{"mask"} automatically assigns <extra_id_0>, which conflicts with the task of masked filling

Open ChristLBUPT opened this issue 2 years ago • 1 comments

I want to do prompt tuning for a masked-fill-based T5 model, which has the input format like this:

test_dataset = [
    InputExample(text_a="The quick <extra_id_0> fox <extra_id_1> over the lazy dog", tgt_text="<extra_id_0> brown <extra_id_1> jumps <extra_id_2>"),
    InputExample(text_a="The Capital city of China is <extra_id_0>, which has a <extra_id_1> of 20 million", tgt_text="<extra_id_0> Beijing <extra_id_1> population <extra_id_2>")
]

if I use the template similar to that given by 2.1_conditional_generation.py, that is:

template = ManualTemplate(t5tokenizer, '{"placeholder": "text_a"} {"special": "<eos>"} {"mask"}')

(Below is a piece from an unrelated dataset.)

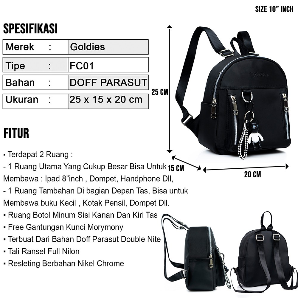 GOLDIES TAS RANSEL WANITA MINI STYLE KOREA IMPORT TAS BACKPACK MINI ANTI AIR FREE GANTUNGAN

it will automatically assign an <extra_id_0>at the corresponding position of {"mask"}, splitting the original sentence and target sentence with special token </s>, which results in duplicate <extra_id_0>s in input sentence, just as follows:

The Capital city of China is<extra_id_0>, which has a<extra_id_1> of 20 million <extra_id_0>

I know it is possible to manually add 1 to each extra_id in my dataset, but is it possible to ONLY use the source sentence as input and avoid automatically adding extra ids?

Jan 16 '23 07:01 ChristLBUPT

I am not sure I understand your question correctly. It seems that you are not using {"mask"} and therefore not using verbalizer on the whole. That way you probably should just use the transformers library, without wrapping it up with PromptModel in openprompt.

Mar 30 '23 07:03 yulinchen99